### BRIEF
Write out each record exactly as it stands. No pictures belong in the copy.

### DATA FOR REVIEW
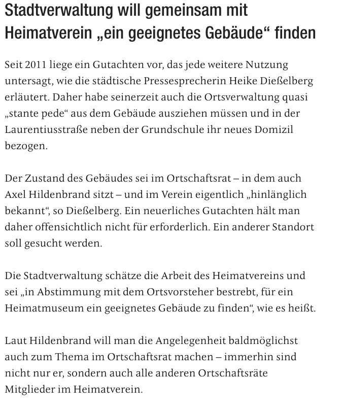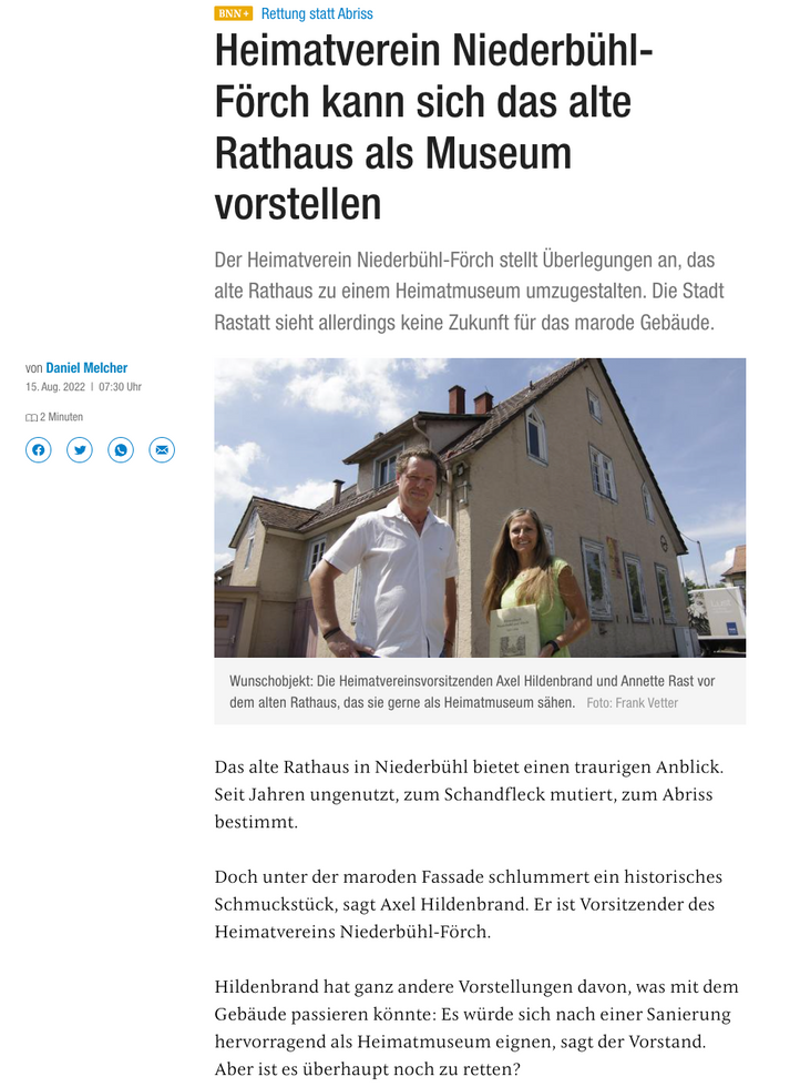 Rettung statt Abriss!Heimatverein Niederbühl-Förch16. Aug. 20221 Min. LesezeitAktualisiert: 24. Okt. 2024Mit NaN von 5 Sternen bewertet.Badische Neuste Nachrichten vom 15.08.2022 Heimatverein Niederbühl-Förch kann sich das alte Rathaus als Museum vorstellen.
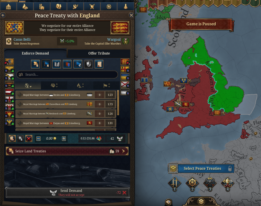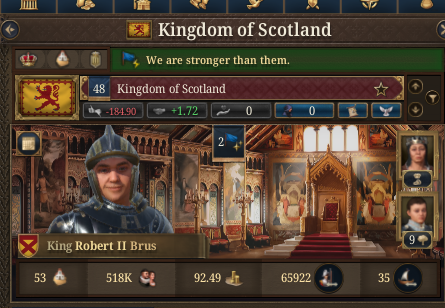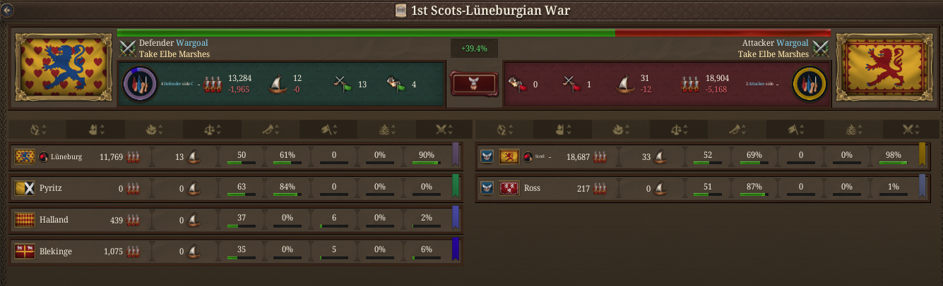 Ну и почему это говно способно мобилизовать в 2 раза больше населения чем я, при том что у них общее население меньше в 3 раза и контроля нихуя нет? Жаль что в окне войны не пишутся потери от истощения, я там армию 10к на острове запер. А ещё Шотландские армии какого то хуя вообще не вайпались, я за другой 10к армией гонялся год, раз 20 их разъебал но они теряли по чуть чуть.
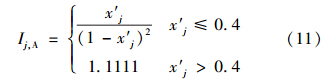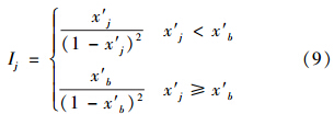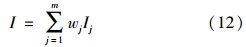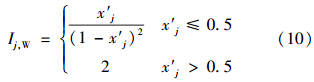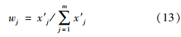 式中,Ij為由式(10)或式(11)計算得到的指標(biāo)j的引力指數(shù)值;wj為指標(biāo)j的歸一化權(quán)值,即滿足∑ m j=1 wj=1,它可以視實(shí)際問題需要,采用某種方法確定.一般情況下,只要各指標(biāo)的規(guī)范值x′j差異不大,可視各指標(biāo)為等權(quán)即可;但若最大指標(biāo)規(guī)范值x′j,max與最小指標(biāo)規(guī)范值x′j,min差異較大,則可采用如式(13)所示的對各指標(biāo)規(guī)范值x′j的線性加權(quán)計算權(quán)值.
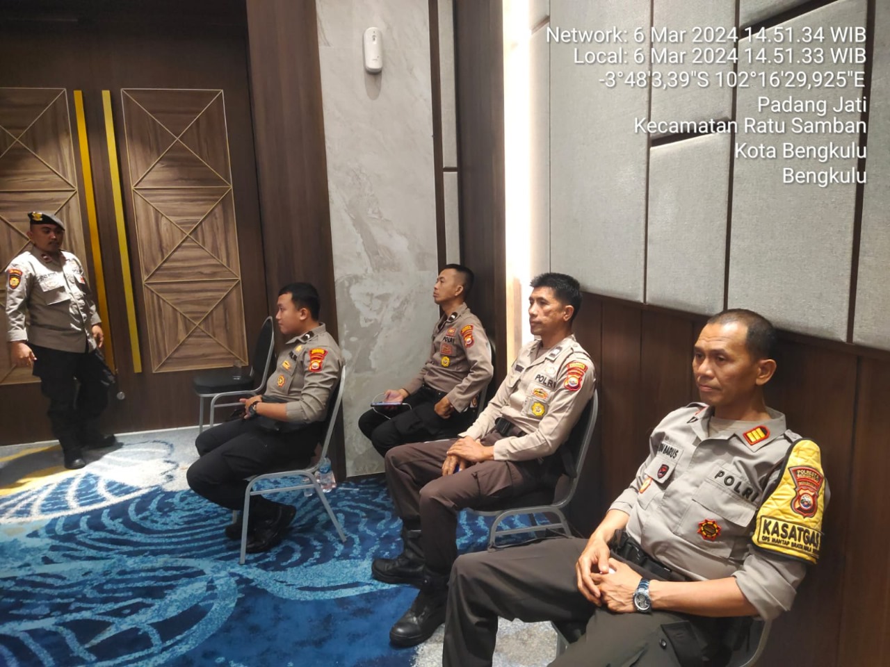 Bengkulu – Personel OMB Polresta Bengkulu Polda Bengkulu melaksankan pengamanan Rapat Pleno terbuka Rekapitulas Hasil Penghitungan Perolehan Suara Ditingkat Provinsi dalam Pemilihan Umum Tahun 2024, di Hotel Mercure Rabu (06/03/2024).
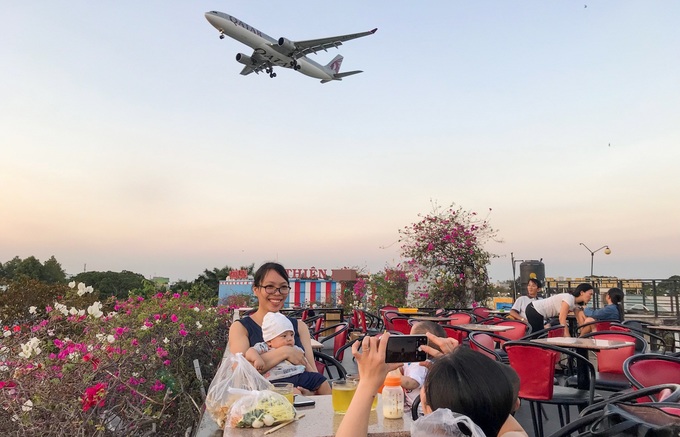 Uống cà phê ngắm máy bay lướt ngang đầu ở Sài Gòn

### WRITTEN SOLUTION
 Rettung statt Abriss!Heimatverein Niederbühl-Förch16. Aug. 20221 Min. LesezeitAktualisiert: 24. Okt. 2024Mit NaN von 5 Sternen bewertet.Badische Neuste Nachrichten vom 15.08.2022 Heimatverein Niederbühl-Förch kann sich das alte Rathaus als Museum vorstellen.
 Ну и почему это говно способно мобилизовать в 2 раза больше населения чем я, при том что у них общее население меньше в 3 раза и контроля нихуя нет? Жаль что в окне войны не пишутся потери от истощения, я там армию 10к на острове запер. А ещё Шотландские армии какого то хуя вообще не вайпались, я за другой 10к армией гонялся год, раз 20 их разъебал но они теряли по чуть чуть.
 式中,Ij為由式(10)或式(11)計算得到的指標(biāo)j的引力指數(shù)值;wj為指標(biāo)j的歸一化權(quán)值,即滿足∑ m j=1 wj=1,它可以視實(shí)際問題需要,采用某種方法確定.一般情況下,只要各指標(biāo)的規(guī)范值x′j差異不大,可視各指標(biāo)為等權(quán)即可;但若最大指標(biāo)規(guī)范值x′j,max與最小指標(biāo)規(guī)范值x′j,min差異較大,則可采用如式(13)所示的對各指標(biāo)規(guī)范值x′j的線性加權(quán)計算權(quán)值.
 Bengkulu – Personel OMB Polresta Bengkulu Polda Bengkulu melaksankan pengamanan Rapat Pleno terbuka Rekapitulas Hasil Penghitungan Perolehan Suara Ditingkat Provinsi dalam Pemilihan Umum Tahun 2024, di Hotel Mercure Rabu (06/03/2024).
 Uống cà phê ngắm máy bay lướt ngang đầu ở Sài Gòn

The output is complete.